Appendix No. 3 to clause 13.4. The instructions for physical training of personnel of the federal fire service should be stated as follows:

"Appendix No. 3
to clause 13.4. Instructions for
physical training
federal personnel
fire service
State Fire Service

Standards for general physical exercises for personnel
Federal Fire Service State Fire Service

Grade Age groups (men)
1 2 3 4 5 6 7
Speed ​​and agility
1. Shuttle run 10x10 m (s) satisfactorily 26 27 28 31 34 36 39
Fine 25 26 27 30 33 35 38
Great 24 25 26 29 32 34 37
2. Climbing the assault ladder to the 4th floor (c) satisfactorily 28 34 36 38 41 44 56
Fine 26 28 31 35 39 41 52
Great 24 26 28 32 36 39 47
3. Overcoming a 100-meter obstacle course (c) satisfactorily 30 33 36 40 43 50 60
Fine 28 30 34 37 40 44 56
Great 25 27 32 35 37 40 50
Exercises (unit) Grade Age groups (men)
1 2 3 4 5 6 7
Strength 1. Pull-ups (number of times) satisfactorily 12 10 9 6 4 3 2
Fine 14 12 11 8 6 5 3
Great 16 14 13 10 8 7 5
2. Bend the torso forward (number of times per minute) satisfactorily 50 45 40 35 30 25 20
Fine 55 50 45 40 35 30 25
Great 60 55 50 45 40 35 30
3. Bending and extension of the arms while lying on the floor (number of times) satisfactorily 50 45 40 35 30 25 20
Fine 55 50 45 40 35 30 25
Great 60 55 50 45 40 35 30
4. Strength complex exercise (number of repetitions) satisfactorily 3 2 1 1 1 1 1
Fine 4 3 2 2 2 2 2
Great 5 4 3 3 3 3 3
Endurance 1. 1 km run (min.s) satisfactorily 3.40 3.50 4.10 4.30 4.40 5.40 5.50
Fine 3.25 3.35 3.45 3.50 4.00 5.00 5.30
Great 3.10 3.20 3.30 3.40 3.50 4.00 5.00
2. Running (cross) 5 km (min.s) satisfactorily 24.00 25.00 26.00 31.00 33.00 37.00 40.00
Fine 23.00 24.00 25.00 29.00 31.00 35.00 38.00
Great 22.00 23.00 24.00 27.00 29.00 33.00 36.00
3. 100m freestyle (min.s) satisfactorily 2.05 2.30 2.35 2.55 3.10 3.55 4.10
Fine 1.45 2.00 2.05 2.25 2.40 3.05 3.20
Great 1.30 1.45 1.50 2.05 2.25 2.40 3.00
4. Ski race 5 km (min.s) satisfactorily 24.00 26.30 27.30 31.30 33.30 36.30 39.30
Fine 23.00 25.30 26.30 28.30 30.30 33.30 36.30
Great 22.00 24.30 25.30 26.30 28.30 30.30 33.30
Exercises (unit) Grade
1 2 3 4 5 6
Speed ​​and agility
1. Shuttle run 10x10 m (s) satisfactorily 36 38 44 52
Fine 34 36 42 50
Great 32 34 40 48
Force
1. Bend the torso forward (number of times per minute) Exercises (unit of measurement) satisfactorily 40 35 30 25
Fine 45 40 35 30
Great 50 45 40 35
Age groups** (women)
Grade
2. Strength complex exercise (number of repetitions) satisfactorily 26 22 18 14
Fine 30 26 22 18
Great 34 30 26 22
Endurance
1. Run 1 km (min.s) satisfactorily 4.35 5.10 5.30 6.00
Fine 4.15 4.40 4.55 5.20
Great 4.00 4.20 4.40 5.00
2. 100m freestyle (min.s) satisfactorily 3.20 3.25 3.40 4.20
Fine 2.50 3.55 3.10 3.45
Great 2.30 2.36 2.50 3.20
3. Ski race 5 km (min.s)* satisfactorily 39 41 43 45
Fine 36 38 40 42
Great 34 36 38 40

_____________________________

* in snowless areas, instead of cross-country skiing, a 5 km cross-country race is taken.

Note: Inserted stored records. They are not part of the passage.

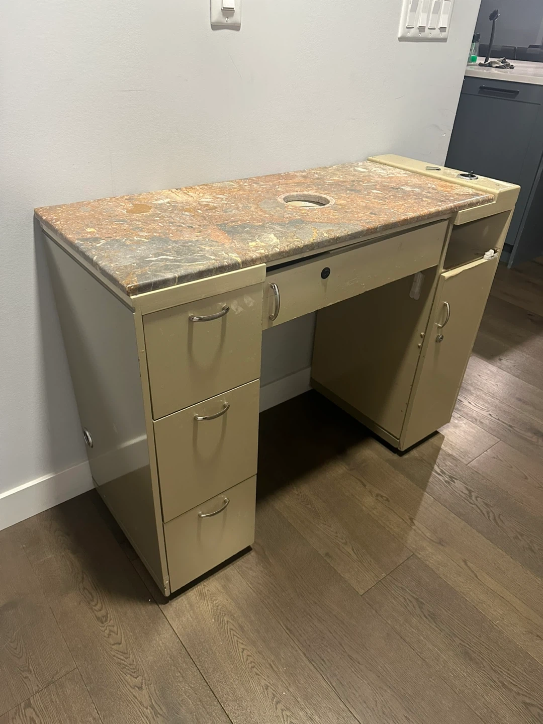 10Selling a unique vintage nail desk! It features a beige-coloured frame with a distinctive marble-patterned top. It has a set of drawers on one side and a cabinet on the other, offering ample storage space. Perfect for people who are starting nail salon at home
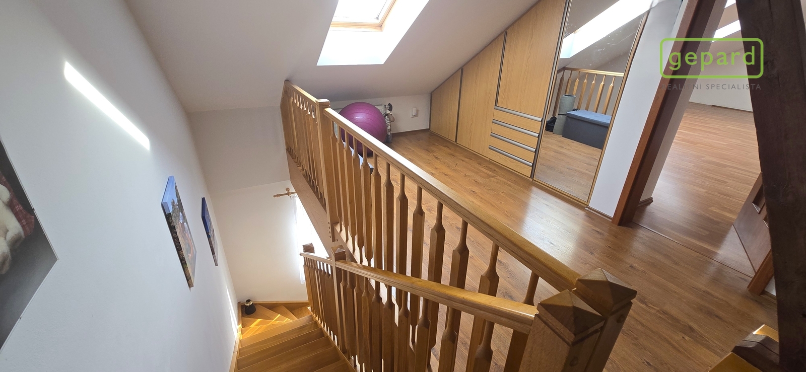 Dispozice: Vchod, předsíň (4,4m2) ze které se vpravo vstupuje do zděné koupelny (6,5m2) vybavené sprchovacím koutem, umyvadlem a toaletou, dále se na konci předsíně, která je vybavena vestavnou úložnou skříní a dveřmi do obývacího pokoje dostaneme do prostorné kuchyně (10,3m2). Z této se vchází do obývacího pokoje (29,4m2), který je vybaven klimatizační jednotkou a z něhož se vpravo dostaneme do ložnice (11,8m2) a z levé strany masivním dřevěným schodištěm do mezonetového prostoru, který je tvořen centrální chodbou - galerií (20m2) s úklidovou komorou (2,4m2), druhou koupelnou (6,4m2) vybavenou sprchovacím koutem a toaletou, úložným prostorem a dvěma pokoji (22,9 m2 a 25,2m2), které mají každý vlastní vstup, ale zároveň jsou propojeny dveřmi v příčce. Mohou tak být vzájemně průchozí, ale i zcela samostatné.
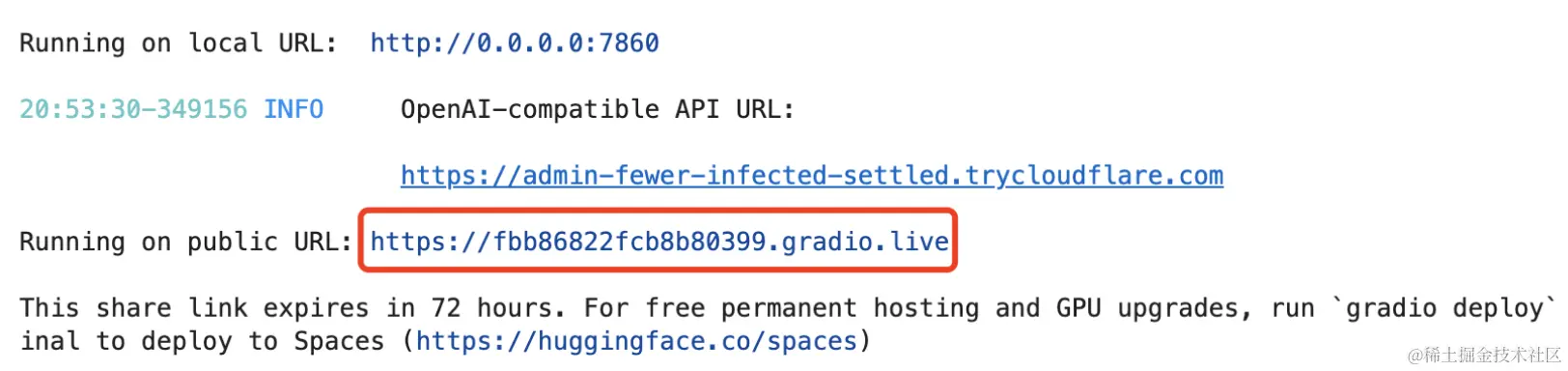 启动成功后,我们可以看到一个Gradio的链接,点击就会在浏览器打开 Text Generation WebUI。

** women of the 5th and 6th age groups are not subject to physical fitness testing.”

Document overview

The Manual on physical training of personnel of the Federal Fire Service has been adjusted.

Thus, there are additionally two age groups: up to 25 years; from 50 years and older.

Options for dress codes have been established for conducting classes and passing physical training standards.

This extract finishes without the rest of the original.